15 Januari 2017   09:40 Diperbarui: 1 April 2017   09:05 2456
+
Laporkan Konten
Laporkan Akun
Kompasiana adalah platform blog. Konten ini menjadi tanggung jawab bloger dan tidak mewakili pandangan redaksi Kompas.
Lihat foto
Foto: justinlewis.me

Seseorang sedang memegang dan menggoncang-goncang betis saya. Segera saja saya buka mata dan terkejut oleh sosok lelaki tua di tepi ranjang. “Bangun. Bung… bangun, Anak muda… ini belum sungguh larut,” katanya.

“Heh, Pak tua, siapa Kau? Mengapa Engkau ada di sini? Bagaimana bisa masuk?” Saya bertanya panik, berusaha memahami keadaan namun kalut memikirkan apa yang harus dilakukan.

Nanti semua kujawab. Kini bangunlah. Kita ngopi dulu. Kulihat ada setoples kopi Flores di dapurmu. Aku butuh teman bicara.”

Saya segera duduk, turun dari ranjang, lalu mengikutinya menuju dapur. Pikiran saya meraba-raba siapa gerangan orang tua ini.

Ia telah menarik kursi, duduk dan menyalakan sebatang rokok kretek. Saya membuatkan kopi dua gelas sambil masih berusaha mengingat-ingat.

Ia menyambut segelas kopi panas, menghirup aromanya dalam-dalam dengan ekspresi wajah kenikmatan, lalu membiarkan saya duduk sebelum membuka percakapan.

Anak muda, soal pertanyaan-pertanyaan kalutmu tadi nanti saja kujawab. Kini kita bicara tentang ramai persoalan di luar sana.”

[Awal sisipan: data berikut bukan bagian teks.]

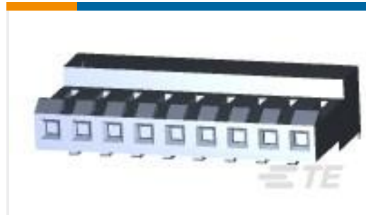
TE 产品编号3-640426-9 09P MTA156 CONN ASSY 18AWG ORA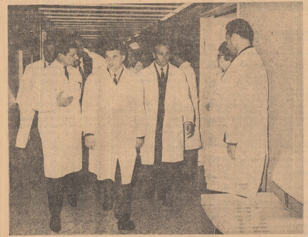
În modernul edificiu al Spitalului unificat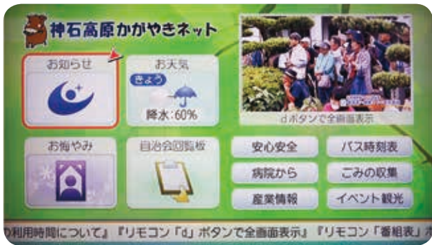
現在の「かがやきネット」のトップ画面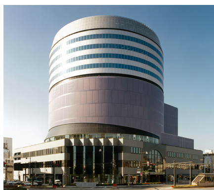
岡山シンフォニービル*3 (岡山市北区)

“Ada persoalan apa, Orang tua? Tak kudengar ribut-ribut di luar.”

Bukan…bukan itu maksudku. Kautahu bangsa ini sedang sakit. Orang-orang berdebat tentang hal yang seharusnya sudah lama tuntas. Soal semangat menghormati keberagaman maksudku.” Ia berjeda sebentar, meneguk kopi lalu menarik dalam-dalam asap rokok kreteknya. “Aaaahhh, nikmat sekali kopi buatanmu. Rupanya sama kita, tak suka melarutkan gula ke dalam murni kopi.

Saya belum berniat menanggapinya. Pikiran ini masih berusaha mengingat-ingat di mana pernah berjumpa dan ke arah mana pembicaraannya.

Kautahu, Anak muda, sejak zaman Majapahit dahulu, bangsa di Nusantara ini sudah tuntas dengan hidup berdampingan di dalam perbedaan. Itu yang diceritakan Dang Acarya Nadendra di dalam kakawin Desawarnana pada 1365 dahulu.”

Saya mengernyit tak paham.

Ah, benar, Engkau lebih akrab dengan nama Negara Kertagama dan nama pena Nedendra, Prapanca.” Ia kembali mencecap kopi dan menghisap dalam-dalam rokoknya.

"Oh, iya, kalau itu maksudmu, kutahu." Saya menyalakan rokok dan membiarkannya terus bicara.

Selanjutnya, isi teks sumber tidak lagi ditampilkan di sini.